2) Consider a circumstance where two populations, previously separated, come into contact (e.g., an isthmus connects two islands). If the populations exhibit alternative alleles to fixation on several loci, and those loci are on the same chromatid, one can envisage a situation where two alleles on two loci exhibit linkage over many generations. The issue here is that synteny takes time to be broken apart by recombination, so the genetic complexes which had fixed in the parents will carry on and be passed into the subsequent admixed generations until crossing over disrupts the physical association. To give a concrete example, imagine a locus for eye color and hair color. Imagine one population is fixed for “white” for both (100%) and another is fixed for “black” (100%). The first generation would be totally heterozygous intralocus, but, each chromatid with a “white” eye color copy would also have a “white” hair color copy, and vice versa. Over the generations recombination would result in swapping of partners and eventually one would not be able to predict whether the downstream gene was “white” or “black” based on its physical partner, but that would take time.

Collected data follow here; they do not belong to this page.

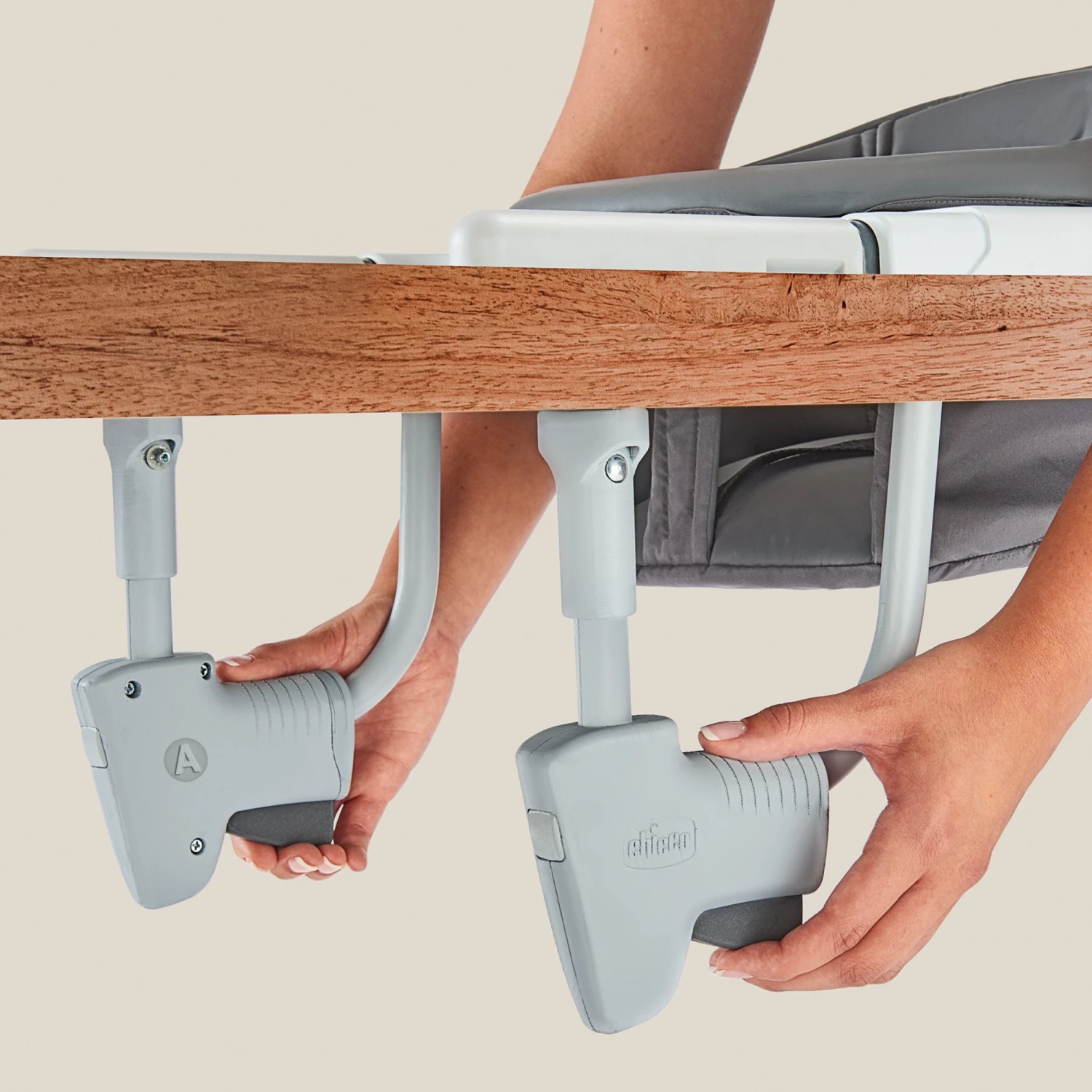 The Chicco FastLock 360 Hook-On Chair fully rotates to accommodate the needs of your baby any time of day. Turn the chair to the side for face-to-face feeding, forward for a place at the table, or toward the back to keep baby in the center of the action. Featuring a quick and secure setup, the innovative FastLock™ clamp attaches in seconds with a reassuringly tight grip. The rubberized feet enhance the grip and protect the table from scratches and scuff marks, conveniently fastening to most tables.
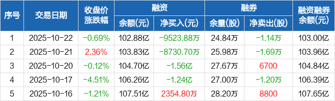 融资方面,当日融资买入1.58亿元,融资偿还2.54亿元,融资净偿还9523.88万元,净偿还额两市排名第11,连续4日净偿还累计4.63亿元。融券方面,融券卖出1.51万股,融券偿还2.65万股,融券余量24.84万股,融券余额1218.15万元。融资融券余额合计103亿元。
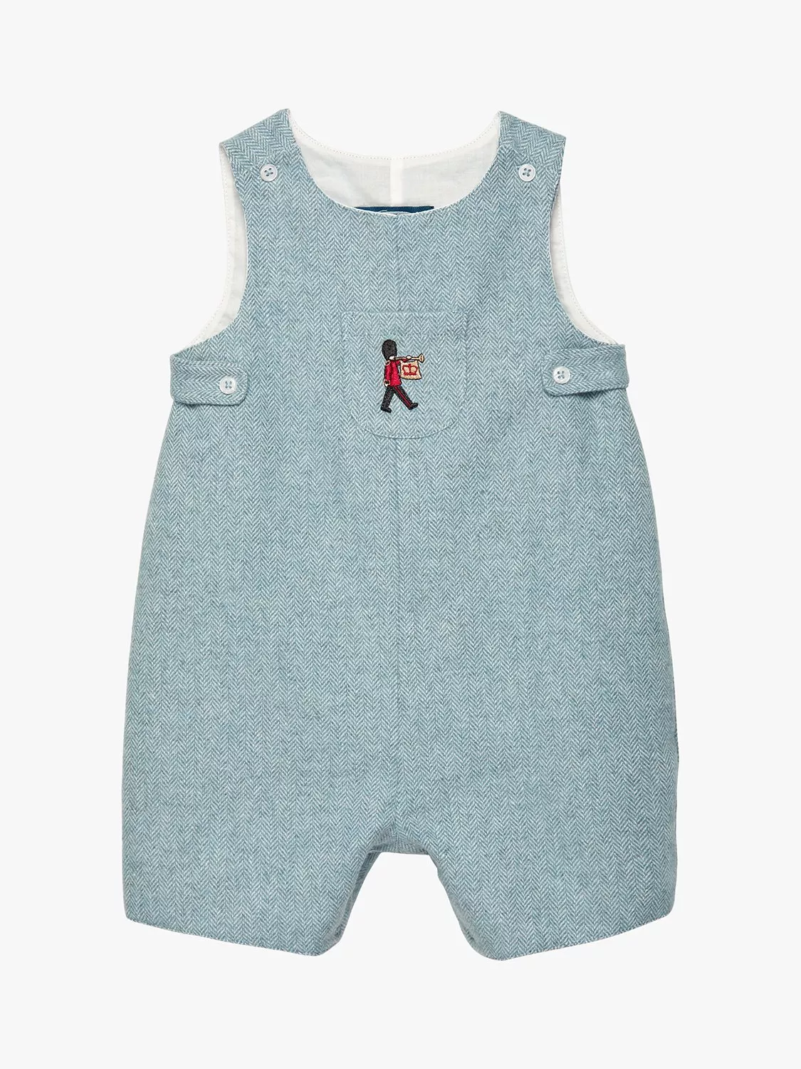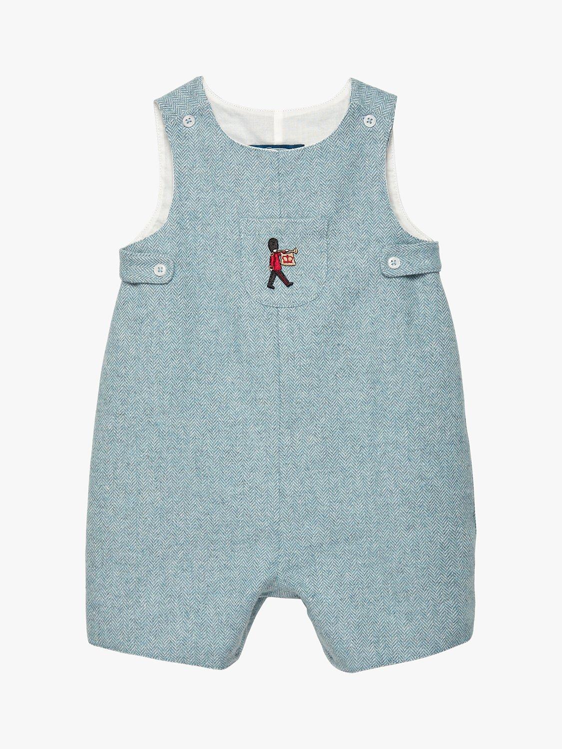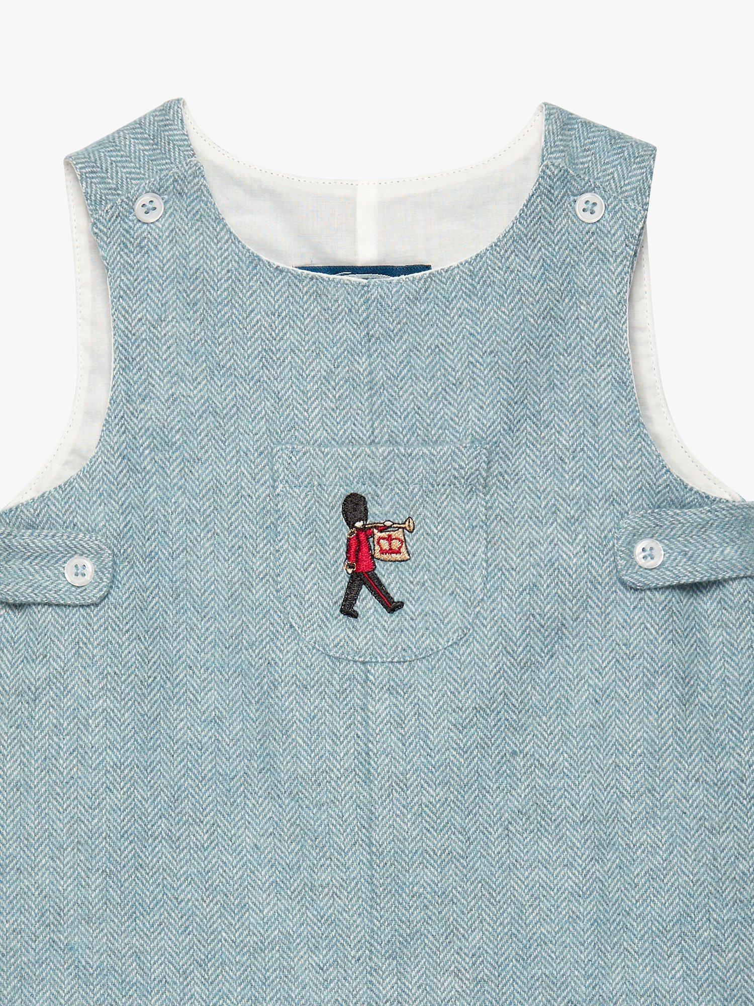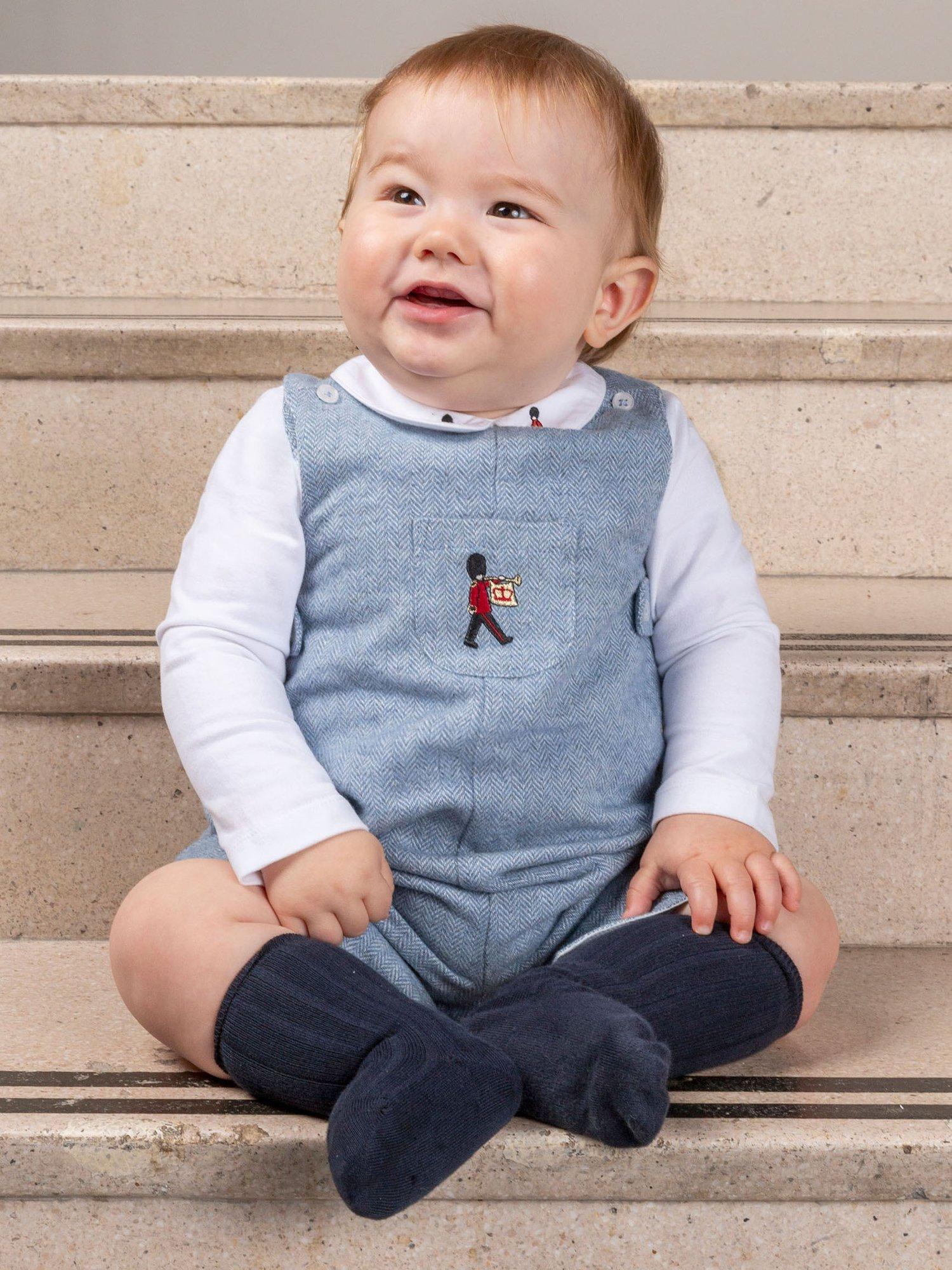 This one-piece is made from a soft cotton mix with handy popper fastenings at the legs for easy dressing and changing. Fully lined in pure cotton, it's decorated with classic guardsman embroidery detailing and features pearlised button fastenings.

3) Finally, the one I am most interested in because of its evolutionary historical significance, and that is LD generated by selective sweeps. Imagine a table top that is little used. Over time it builds up a layer of dust which disrupts it smooth symmetry. Now, consider someone sliding a towel over its surface. Across the region that the towel traversed the dust will be swept away and a smooth and clear symmetrical surface will now shine, bordered still by expanses of dust. Over time the smooth region will become obscured by dust once more and fade into the background. The analogy I am making is that the dust is genetic variation, while the sweeping towel is a selection event. If a new mutant allele confers great selective benefits then it can rise in frequency precipitously. If this rise is faster than recombination can destroy genetic associations, other alleles in nearby regions can be “swept” along in a hitchhike. If one imagines a scenario where the likelihood of a “break” along with recombination occurs is equally distributed across the genome (this is not true, but accept it for simplification) then decreasing the distance between two genes along a chromatid decreases the likelihood of a recombination event separating them on any given meiosis. Since a subset of the genome is less diverse than the full genome a selective sweep which favors a coterie of neighboring genes and alleles has a homogenizing effect, generating “long haplotypes,” genomic regions cleansed of variation. Of course, this variation eventually reemerges via mutation and recombination, but it takes time.

And so there you have linkage disequilibrium. As you might notice, LD is epiphenomenal. It is a passing fad, but since it erupts periodically it can be an excellent marker for the historically contingent events which are important in evolution.